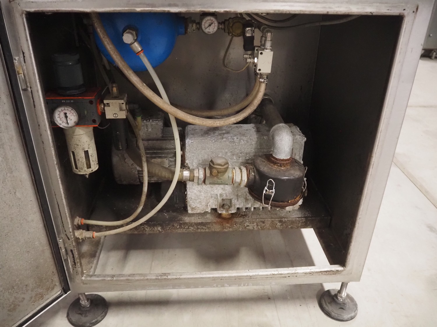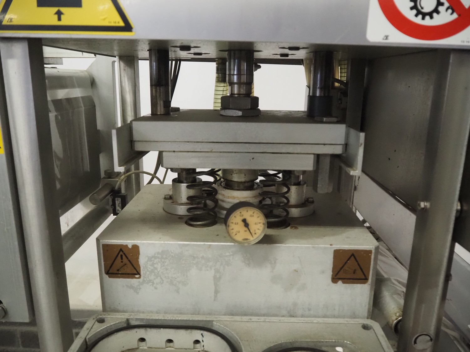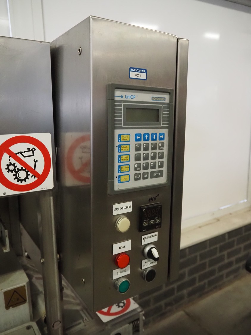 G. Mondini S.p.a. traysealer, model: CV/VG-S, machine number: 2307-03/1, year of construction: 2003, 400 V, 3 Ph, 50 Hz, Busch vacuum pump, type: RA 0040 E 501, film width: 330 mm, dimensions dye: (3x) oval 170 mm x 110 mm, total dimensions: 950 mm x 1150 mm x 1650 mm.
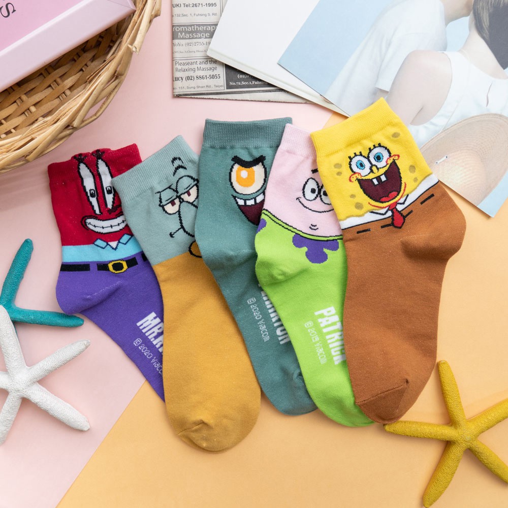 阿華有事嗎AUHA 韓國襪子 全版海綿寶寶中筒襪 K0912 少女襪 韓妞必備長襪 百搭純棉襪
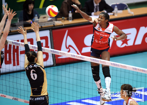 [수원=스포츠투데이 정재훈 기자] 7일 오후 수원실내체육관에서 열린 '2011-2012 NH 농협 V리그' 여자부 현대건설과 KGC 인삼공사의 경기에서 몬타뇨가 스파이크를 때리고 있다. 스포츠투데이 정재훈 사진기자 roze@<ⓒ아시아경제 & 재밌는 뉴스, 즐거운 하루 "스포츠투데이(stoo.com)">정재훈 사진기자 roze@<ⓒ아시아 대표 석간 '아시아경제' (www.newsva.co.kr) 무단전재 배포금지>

==

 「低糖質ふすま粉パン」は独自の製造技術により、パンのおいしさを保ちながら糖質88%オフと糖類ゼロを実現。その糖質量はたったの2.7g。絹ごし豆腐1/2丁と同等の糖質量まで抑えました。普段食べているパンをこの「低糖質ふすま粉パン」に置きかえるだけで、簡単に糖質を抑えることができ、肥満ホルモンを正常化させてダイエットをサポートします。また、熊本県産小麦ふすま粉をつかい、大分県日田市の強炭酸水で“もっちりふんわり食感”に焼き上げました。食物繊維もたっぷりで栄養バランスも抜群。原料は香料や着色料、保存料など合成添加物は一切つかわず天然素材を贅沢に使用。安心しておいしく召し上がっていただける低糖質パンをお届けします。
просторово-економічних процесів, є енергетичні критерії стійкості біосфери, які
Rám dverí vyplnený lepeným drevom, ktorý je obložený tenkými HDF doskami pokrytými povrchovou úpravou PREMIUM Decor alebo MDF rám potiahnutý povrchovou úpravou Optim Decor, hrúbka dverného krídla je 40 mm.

- [What you are asked to do] Working from the data above, repeat exactly, and only, the lines that begin at the line containing "阿華有事嗎AUHA 韓國襪子 全版海綿寶寶中筒襪" and stop after the line containing "[수원=스포츠투데이 정재훈 기자]"; pictures are not copied.

- [Exercise result]
 阿華有事嗎AUHA 韓國襪子 全版海綿寶寶中筒襪 K0912 少女襪 韓妞必備長襪 百搭純棉襪
 [수원=스포츠투데이 정재훈 기자] 7일 오후 수원실내체육관에서 열린 '2011-2012 NH 농협 V리그' 여자부 현대건설과 KGC 인삼공사의 경기에서 몬타뇨가 스파이크를 때리고 있다. 스포츠투데이 정재훈 사진기자 roze@<ⓒ아시아경제 & 재밌는 뉴스, 즐거운 하루 "스포츠투데이(stoo.com)">정재훈 사진기자 roze@<ⓒ아시아 대표 석간 '아시아경제' (www.newsva.co.kr) 무단전재 배포금지>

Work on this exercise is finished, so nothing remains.